Defunct tennis tournament
- Event name: Mersey Bowmen Archery Club Tournament Mersey Bowmen LTC Tournament
- Founded: 1880; 145 years ago
- Abolished: 1903; 122 years ago
- Location: Sefton Park, Aigburth, Liverpool, Lancashire, England
- Venue: Mersey Bowmen Lawn Tennis Club
- Surface: Grass

= Mersey Bowmen (Sefton Park) Tournament =

The Mersey Bowmen (Sefton Park) Tournament was a combined men's and women's grass court tennis event founded in 1880 as the Mersey Bowmen Archery Club Lawn Tennis Tournament. It was held at the Mersey Bowmen Archery Club, Sefton Park, Aigburth, Liverpool, Lancashire, England through until 1903.

==History==
In July 1880 the Mersey Bowmen Archery Club (f. 1781) established its first lawn tennis tournament in July 1880 known as the Mersey Bowmen Archery Club Lawn Tennis Tournament. By 1884 the tournament was being promoted under the name the Mersey Bowmen LTC Tournament. By 1903 celebrating its 23rd annual event it was known then as the Mersey Bowmen (Sefton Park) Tournament.

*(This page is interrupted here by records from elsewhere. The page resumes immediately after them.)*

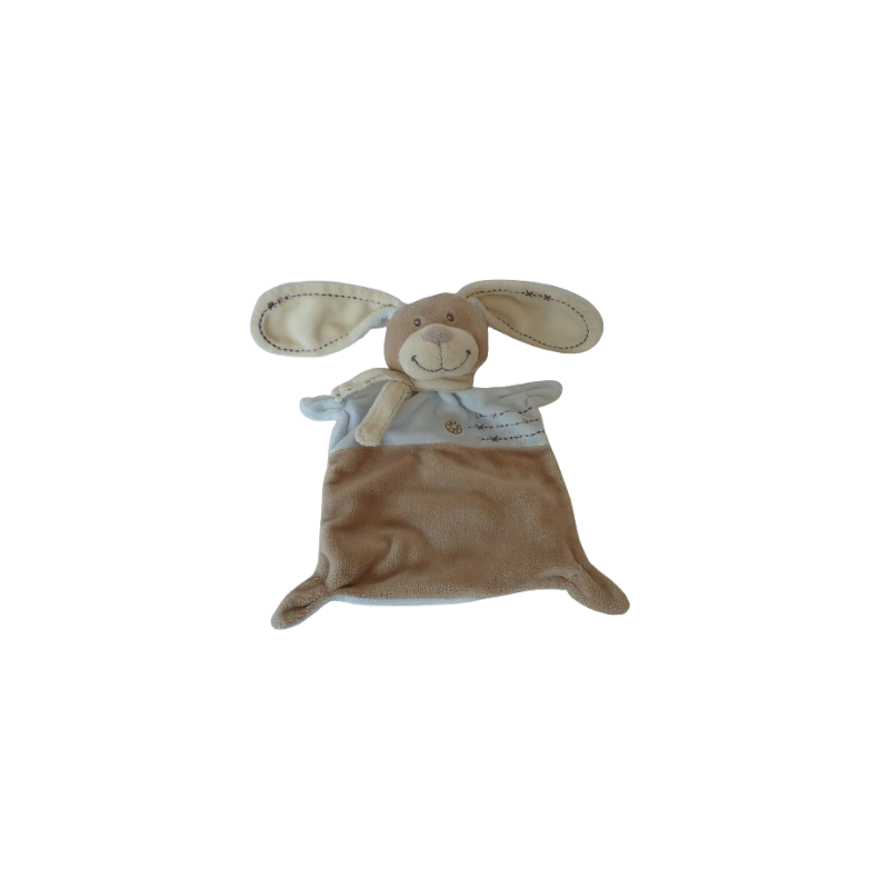 Doudou plat lapin 23 cm environ, marron bleu. Etat : Très bon état (étiquette marque coupée)Recipient :
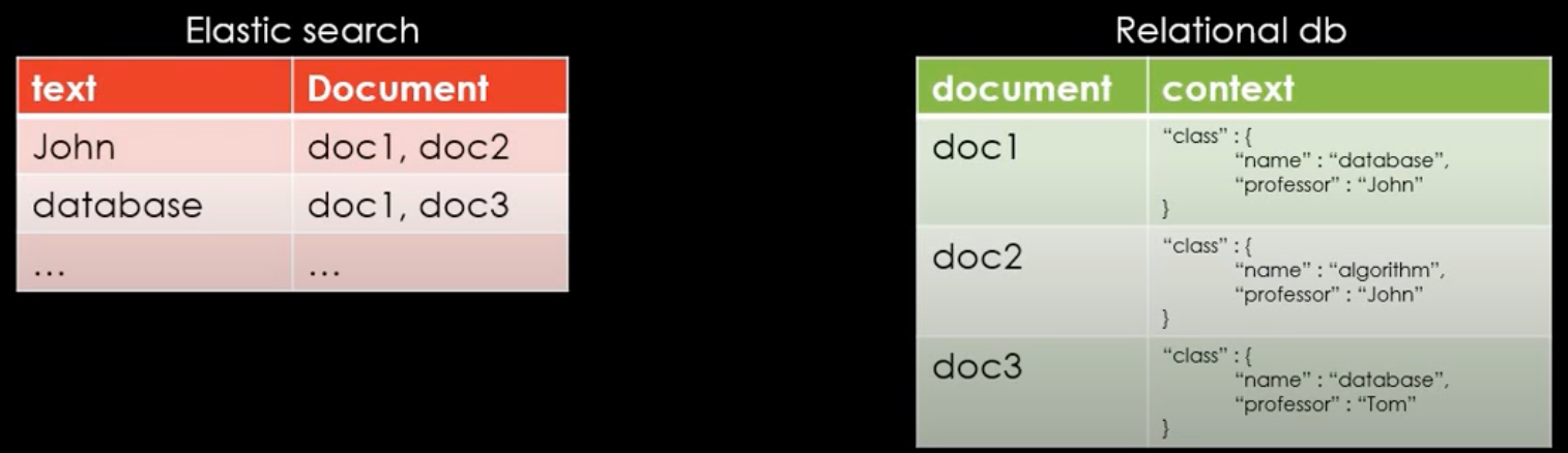ㆍ엘라스틱서치는 text만 조회하여 document를 가져오기에 더 빠르게 검색할 수 있다.
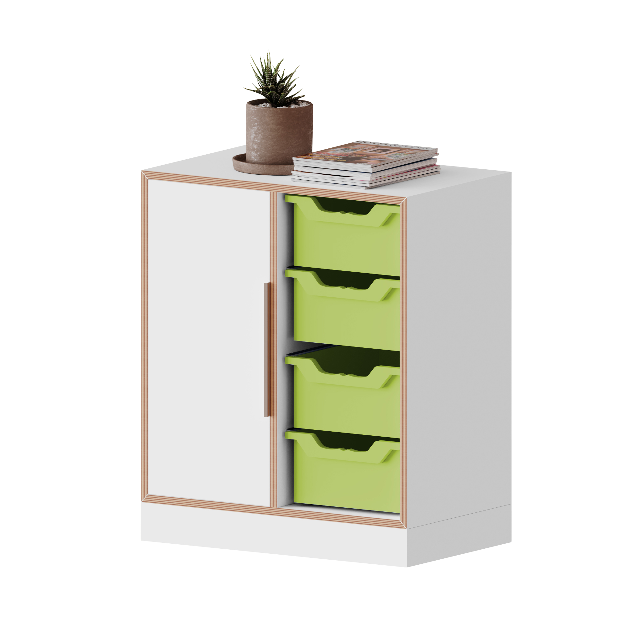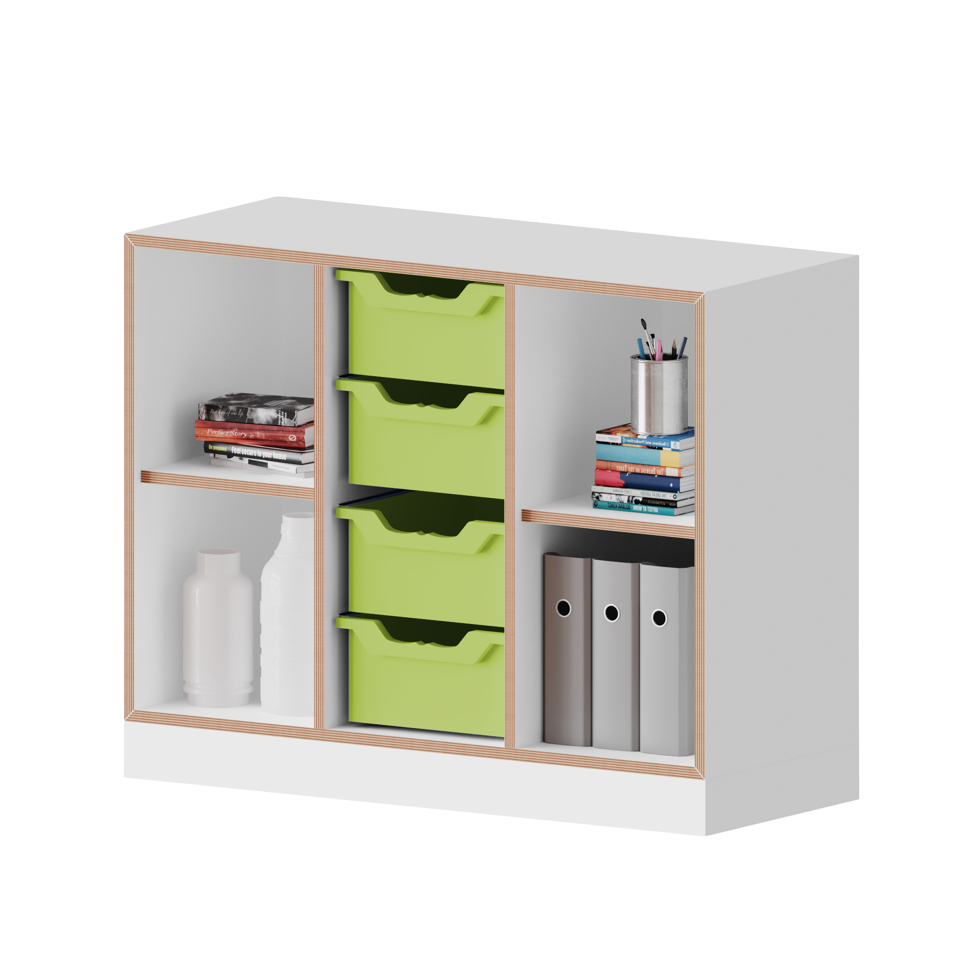 qickly® Schrank, 2 Ordnerhöhen, 1 Tür, 4 große Ergo Tray Boxen
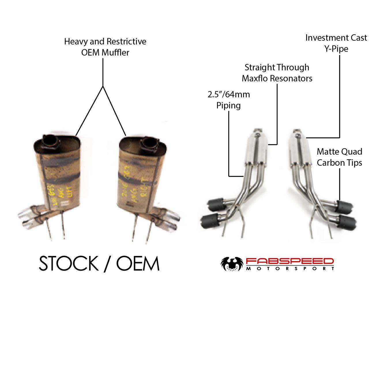 Replace your extremely heavy restrictive factory Mercedes Benz mufflers with dyno developed and proven Fabspeed Maxflo performance exhaust system for a more muscular AMG V8 sound and significant weight reduction.
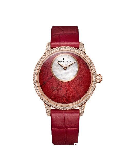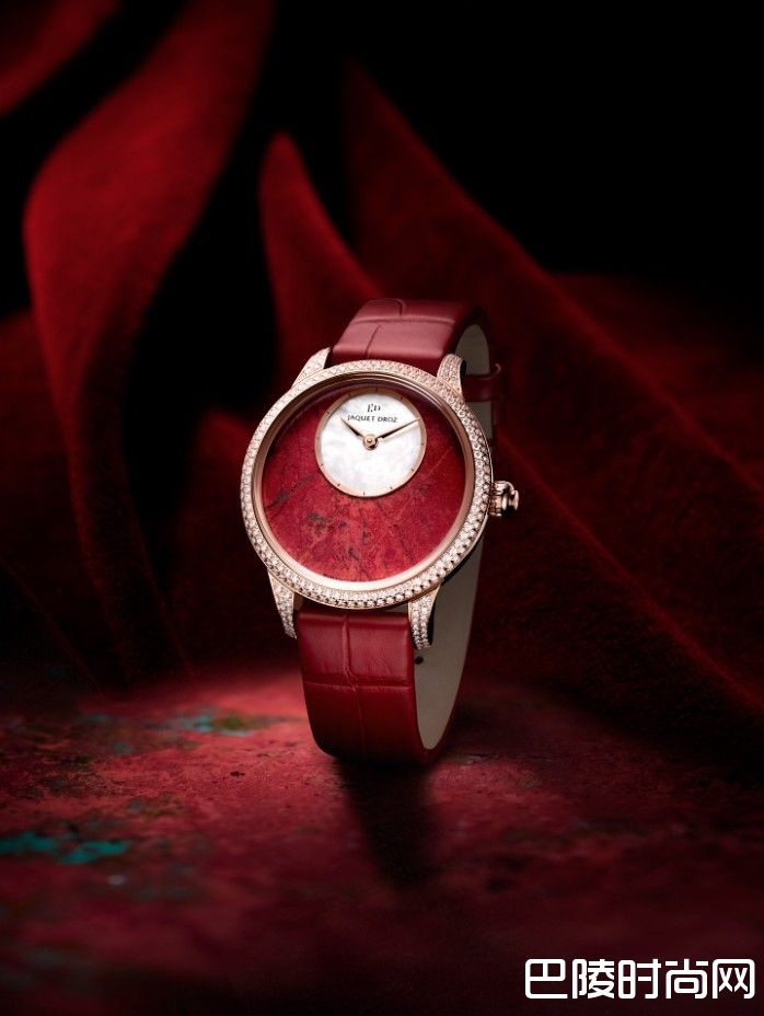 雅克德罗(Jaquet Droz)使用富含氧化铜的墨西哥“Sonora sunrise”赤铜矿,并精心挑选色泽鲜丽的矿石碎片,引人遐想联翩:表盘宛若一片红色星球,将宇宙天体的梦幻魔力与鲜红色调的热烈激情融为一体。
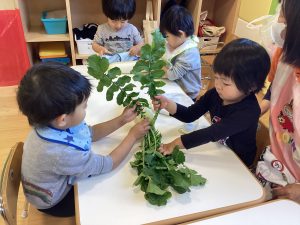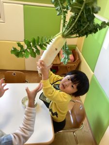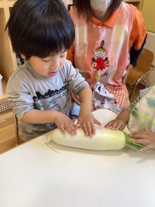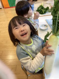 大根に興味津々の子どもたちでした🥰
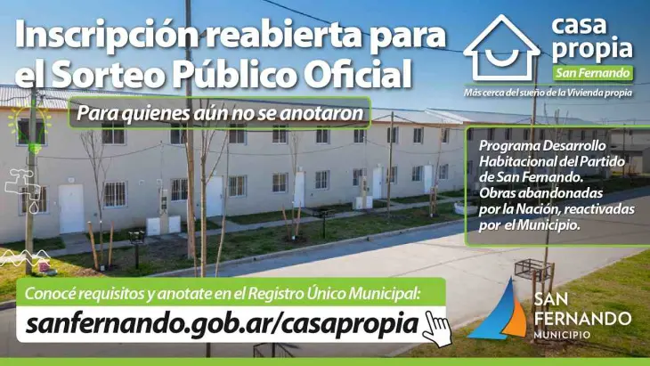 A través del sitio oficial www.sanfernando.gob.ar/casapropia, los sanfernandinos podrán acceder al formulario de inscripción, consultar los requisitos y conocer los detalles de financiación. Además, el Municipio confirmó que en los próximos días se sortearán 46 viviendas destinadas a familias numerosas, y que en abril de 2026 se sumarán otras 46 unidades correspondientes al ex programa nacional “Casa Propia”.
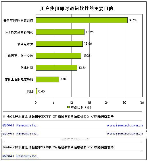即時通訊作為網(wǎng)民最常使用的應(yīng)用之一,即時通訊的多功能性可以滿足用戶的不同需求,達到不同的目的,根據(jù)艾瑞市場咨詢(iResearch)的研究結(jié)果,在問及用戶使用即時通訊的目的時,有31%的用戶選擇了“便于與同學(xué)/朋友交流”作為使用即時通訊軟件的最主要的目的,16%的用戶選擇“為了交到更多的朋友”作為作主要的目的,兩者相加的比例接近了50%。說明與朋友、網(wǎng)友間的交流聊天仍然是即時通訊軟件的最主要的功能。同時,即時通訊軟件用戶一般還同時使用包括文件傳送、語音聊天、郵件檢查、群組聊天、手機綁定等其他功能。而文件傳輸是其中最主要的一項功能。

In December 2011 The Mersey Bowmen Lawn Tennis Club nearly closed forever, but was saved when it received funding from a grant from Sport England as part of the Olympic legacy fund to keep it open.

==Venue==
The Mersey Bowmen Lawn Tennis Club was founded as a Mersey Bowmen Archery Club in 1781, the Bowmen occupied sites around Liverpool, including Cazneau Street and Lodge Lane, before moving to the newly created Sefton Park in 1872.